This is an updated version of an article posted to Freshwater Aquariums forum
Have a wierd creature in your water? A bug in the tank? Tiny worms crawling on your aquarium glass? Use this handy guide to help you identify the organism.
(Smallest to largest.)
– Free floating green algae: this is what turns your water green. It looks like green smoke travelling through the water currents. Daphnia and cyclops feed on this. Green algae requires long hours of bright light and extra nitrates to live.
Danger: looks bad if you don’t want it. Good for feeding daphnia or cyclops or other infusoria.
– Cyclops: you can just barely see these whitish copepods that look like a capital Y, but they dart in the water in jerky motions. Females have 2 egg sacks which make them Y shaped. Males are just a white dot with a tail (tail is hard to see). I’ve seen a cyclops as large as 2mm. It’s a big female always with eggs. They are usually 1mm long.
Danger: Some people say they eat smaller daphnia and can crash a daphnia population.
– Daphnia: these are about the same size as a pinhead, or slightly smaller and are not white. They can be yellowish or greenish. They are round and swim slowly through the water, not jerkily like cyclops. About 1mm long.
Danger: Harmless. They make excellent fish food.
– Baby snails: newly hatched are a little smaller than pinheads or poppy seeds. They do not swim and only cling to any surface, like glass or plants.
Danger: Harmless. But adds more waste then your average fish.

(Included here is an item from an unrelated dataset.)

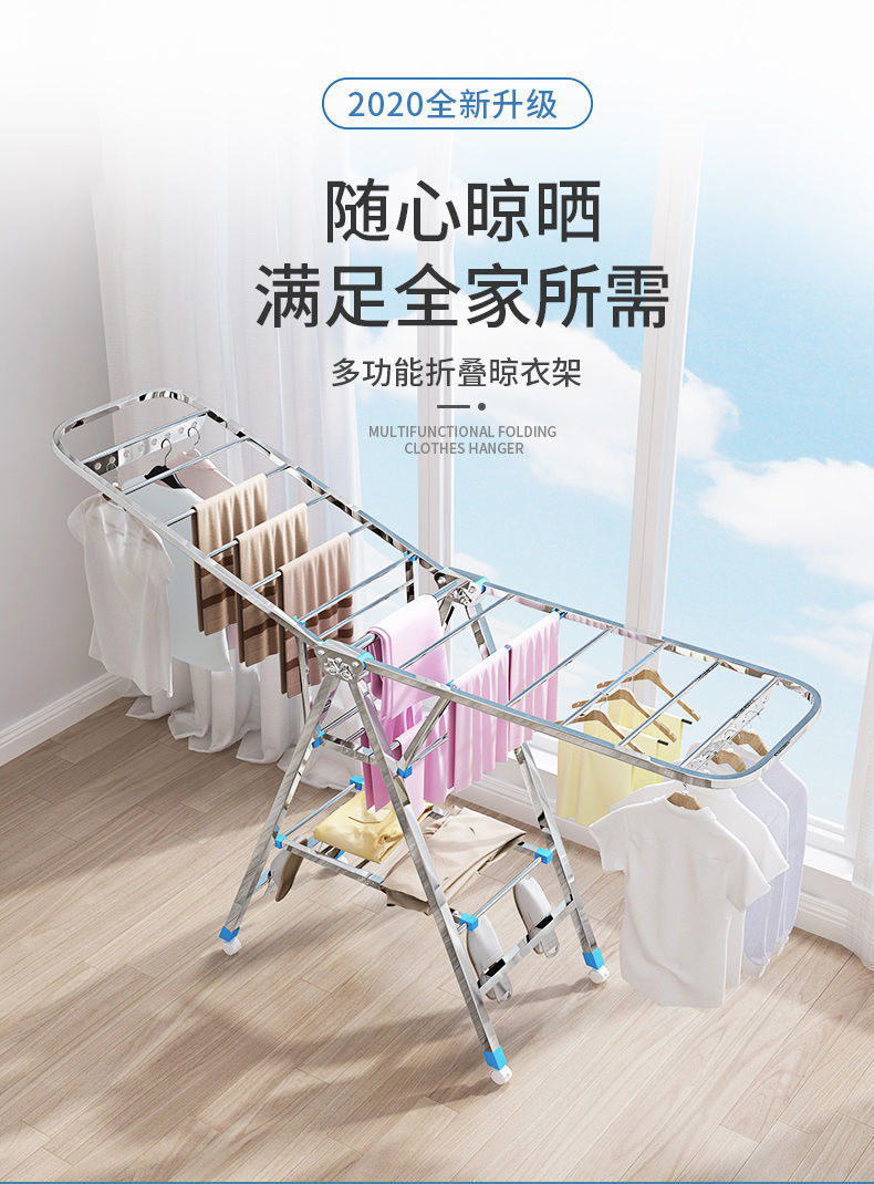 标题:不锈钢晾衣架落地折叠卧室内阳台凉衣架家用婴儿晾衣架晒被子神器

– Hydra: these branched, soft-bodied things are like anemones. But they only have about 5 tentacles. They attach themselves to any material on the bottom, to logs, stocks, or plants. They reproduce by budding a copy of themselves on the side of the “stem”. Some are light yellow, some are green and use chlorophyll. They feed by snaring smaller foods in their stinging tentacles. 1-4mm long bodies excluding tentacles.
Danger: Potentially troublesome. They eat things like daphnia and cyclops and small fry.
– Nematodes: tiny, thin, HAIRLESS worms which swim by making S shapes back and forth. Not to be confused with mosquito or midge larva (below) which have hairs. Often pink or red colored. 1-5mm long.
Danger: Harmless to plants, inverts, fry and fish.
– Unknown worm: tiny, thin, hairless and whitish or yellow. Crawls on side of glass, seems to be searching for food. Might be a type of Nematode.
Danger: Harmless. Sometimes present when theres an excess of food in the aquarium.
– Tubifex: These are reddish thin worms which burrow their heads in the substrate and wave their tails in the water trying to get oxygen. The part you see is about 1-3mm. Their eggs could have come from a local pond, or from frozen tubifex. I don’t know if their eggs would survive freeze drying.
Danger: none. Provide food for some fish.
– Planaria: flat worms, like slugs, white to tan to brownish or gray. They all have an arrow shaped head with 2 eye spots.
Danger: Usually harmless, but Planaria will eat fish eggs.
– Mosquito larva: swim by making jerky S shapes, but these need air and float at the top of the water. If disturbed they flee to the bottom of the jar, then later come back up. These are like hairy worms with an insect head. These can be the same size as nematodes and confused with them, but they will get bigger than a nematode. These can be 4mm to 10mm long depending on age.
Danger: Harmless to all, but when they hatch into flying adults they can bite you at night.
– Midge larva: look just like mosquito larva but are red because they contain hemoglobin, same stuff as in mammal blood cells.
Danger: Harmless. Does not bite after hatching. Adult looks just like mosquito but with red abdomen.
– Medium thick wormy thing with black head: 4-5mm long. Looks a little like a grub with no legs, yellow-white body, black grublike head. It’s probably the larva of some type of water beetle.
– Snails: The link below will show you about aquarium apple snails and pond snails (ramshorn (planorbula) and apple-type pond snail (physa)). Some snails will eat your plants, but mainly they prefer algae.
Danger: They can potentially damage plants.
– Dragonfly nymphs: these are medium-fat bodied insect larva which later hatch into dragonflies.
Danger: Potentially damaging to small fish or small tadpoles. They will eat anything below 1″ in size including fish and fry.
– Water scorpion: these are larger insects which look like a walking stick. They hang around in water plants. Body is about 4″ long, with legs they are 7-8″ long. Yes, they have really long legs. They can bite you with their piercing mouth parts, be careful.
Danger: potentially harmful. Eats small fish (under 1″) and other insects in the water.
– Water beetles: generally, water beetles mean the underwater (not surface) swimming beetles which have piercing mouth parts and can grow up to 4″ long. They have a dark brown or black shell, their legs stick out very little when viewed from the top. THEY BITE. Also called “toe biters” as swimmers most often encounter them when they are stepped on.
Danger: will eat small fish (under 1″) and water insects. Can bite people. Handle with care. Handle by using thumb and finger to pinch on the sides of the shell so you will be well away from their mouth.